The problem of ads or things-in things is in a poor state. It's bad on every stack, every ecosystem. Ads or SEO poisoning bubbled up this crimeware-to ransomware via "Bing AI Chat" -- https://www.bleepingcomputer.com/news/security/bing-chat-responses-infiltrat... Try asking your AI buddy a download link for Advanced IP Scanner
and there's been other strange stories such as this one -- https://www.scmp.com/tech/tech-trends/article/3246612/chatgpt-aided-ransomwa... -- (read on https://archive.is/qZfPg )
On Mon, 3 Jun 2024 at 23:18, Dave Aitel via Dailydave < dailydave@lists.aitelfoundation.org> wrote:
It's always been weird that mobile browsers are not allowed to have ad blockers. Does anyone have depth on this issue they can actually share?
Speaking about (but not for - this is just how I interpreted it) Firefox - mostly sausage making and org pains. Fennec (the old mobile architecture) supported extensions, although I don't remember to what extent/how well. In 2016 it got WebExtension support - before that it was supporting extensions in the old style of "Just let them do whatever they want in the browser, I'm sure it will be fine.[0]" And in late 2017 we removed access to those capabilities. Somewhere around 2019 we switched from the old browser architecture (Fennec) to the new one (Fenix) - and 2019 was when we launched, so we started the development quite some time earlier and kept Fennec on life support during it.
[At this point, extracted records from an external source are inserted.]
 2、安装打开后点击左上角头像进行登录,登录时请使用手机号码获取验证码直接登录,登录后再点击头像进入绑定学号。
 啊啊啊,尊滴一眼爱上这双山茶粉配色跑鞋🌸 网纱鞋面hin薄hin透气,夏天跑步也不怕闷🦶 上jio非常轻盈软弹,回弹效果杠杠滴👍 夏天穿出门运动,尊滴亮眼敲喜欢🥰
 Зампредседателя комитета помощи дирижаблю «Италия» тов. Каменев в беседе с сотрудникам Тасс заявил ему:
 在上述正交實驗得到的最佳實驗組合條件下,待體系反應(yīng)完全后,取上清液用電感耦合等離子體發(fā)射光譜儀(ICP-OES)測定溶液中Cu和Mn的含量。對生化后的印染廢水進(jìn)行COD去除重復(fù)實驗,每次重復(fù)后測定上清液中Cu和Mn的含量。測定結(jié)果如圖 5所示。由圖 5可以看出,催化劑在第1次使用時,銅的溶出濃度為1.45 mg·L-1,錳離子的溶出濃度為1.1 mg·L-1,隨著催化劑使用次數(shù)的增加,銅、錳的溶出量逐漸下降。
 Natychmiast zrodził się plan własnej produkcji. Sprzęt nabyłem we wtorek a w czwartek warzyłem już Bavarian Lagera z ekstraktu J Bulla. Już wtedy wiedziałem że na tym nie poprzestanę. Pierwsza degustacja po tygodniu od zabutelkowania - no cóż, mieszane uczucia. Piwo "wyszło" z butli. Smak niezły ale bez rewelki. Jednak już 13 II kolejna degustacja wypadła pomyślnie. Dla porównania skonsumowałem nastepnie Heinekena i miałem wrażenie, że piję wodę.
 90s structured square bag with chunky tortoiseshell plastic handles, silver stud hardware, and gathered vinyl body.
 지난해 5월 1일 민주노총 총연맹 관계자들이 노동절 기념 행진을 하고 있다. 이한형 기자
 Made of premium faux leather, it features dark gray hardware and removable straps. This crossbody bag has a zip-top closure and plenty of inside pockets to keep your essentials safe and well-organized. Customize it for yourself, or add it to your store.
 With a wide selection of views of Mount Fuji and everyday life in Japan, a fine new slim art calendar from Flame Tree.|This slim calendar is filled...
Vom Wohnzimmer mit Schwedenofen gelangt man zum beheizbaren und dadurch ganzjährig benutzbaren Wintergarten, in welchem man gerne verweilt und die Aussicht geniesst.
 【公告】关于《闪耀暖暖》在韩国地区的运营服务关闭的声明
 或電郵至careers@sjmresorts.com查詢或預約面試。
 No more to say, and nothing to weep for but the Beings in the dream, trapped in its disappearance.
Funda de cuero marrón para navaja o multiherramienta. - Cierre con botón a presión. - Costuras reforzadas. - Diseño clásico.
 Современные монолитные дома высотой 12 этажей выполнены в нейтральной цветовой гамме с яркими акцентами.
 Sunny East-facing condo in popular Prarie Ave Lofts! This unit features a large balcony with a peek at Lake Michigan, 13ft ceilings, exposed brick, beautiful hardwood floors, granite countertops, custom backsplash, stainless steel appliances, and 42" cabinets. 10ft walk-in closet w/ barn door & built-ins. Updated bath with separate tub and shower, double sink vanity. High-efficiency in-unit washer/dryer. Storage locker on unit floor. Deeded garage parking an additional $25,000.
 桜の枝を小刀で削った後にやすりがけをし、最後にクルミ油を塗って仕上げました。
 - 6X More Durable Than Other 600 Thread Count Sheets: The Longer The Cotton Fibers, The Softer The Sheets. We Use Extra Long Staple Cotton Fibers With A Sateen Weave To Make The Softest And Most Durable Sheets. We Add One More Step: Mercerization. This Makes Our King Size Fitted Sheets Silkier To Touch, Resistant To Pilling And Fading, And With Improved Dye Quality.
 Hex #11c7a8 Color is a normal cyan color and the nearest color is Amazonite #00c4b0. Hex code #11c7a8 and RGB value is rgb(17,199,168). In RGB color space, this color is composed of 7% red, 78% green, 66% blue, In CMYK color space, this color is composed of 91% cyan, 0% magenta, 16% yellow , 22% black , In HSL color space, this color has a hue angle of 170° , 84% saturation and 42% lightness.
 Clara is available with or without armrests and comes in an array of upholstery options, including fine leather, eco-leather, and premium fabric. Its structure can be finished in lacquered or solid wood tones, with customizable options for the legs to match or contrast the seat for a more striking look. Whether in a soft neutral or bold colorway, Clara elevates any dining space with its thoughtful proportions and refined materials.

Fenix - while not a total rewrite of the rendering or js engine - was a rewrite of everything else, including the UI, accounts, sync, telemetry, session storage, push, reader view, downloads, etc etc. [1] Getting a consistent and reliable handle on the Android OS process management also took time[2] - running extensions in the parent meant the parent got reaped a lot; they needed to be moved to a separate process, and then we needed to handle how to behave when _that_ process got reaped but others did not. Fenix supported a curated list of extensions (including Ghostery, AdGuard, and uBlock Origin) for a while, but in the past 6 months finally hit the milestone where it opened up so anyone can publish, and anyone can install, an extension on Android without jumping through hoops.
Add into all of this mix a couple rounds of layoffs including the big one in 2020, which disrupted a lot of things. (And, you know, the pandemic.) I don't know/remember if anyone directly working on Fenix was let go, although I would wager yes, but I do know many *mobile* engineers in non-Firefox products were let go and I have to assume the knowledge drain, upheaval, and hurt when your colleagues are let go led to departures and general delays in what people originally hoped to accomplish.
Anyway, I don't know if you wanted more technical nitty-gritty on it, but from my perspective, that's what I can offer. I don't think there was any specific de-prioritization of extensions from a philosophical standpoint (we all know that extensions are what made Firefox what it is), just juggling lots of work that resulted in a slower rollout than we hoped.
-tom
ref: https://blog.mozilla.org/addons/page/1/?s=android
[0] Narrator: It was not fine. [1] Unsurprisingly we've been playing whack-a-mole with re-implementations of the annoying 'yes it's a bug but no one exploits address-bar-impersonation so =/' class of bugs. [2] 'Takes time' is both engineering time and wall-time as you write code, deploy it, run an experiment, and wait for results.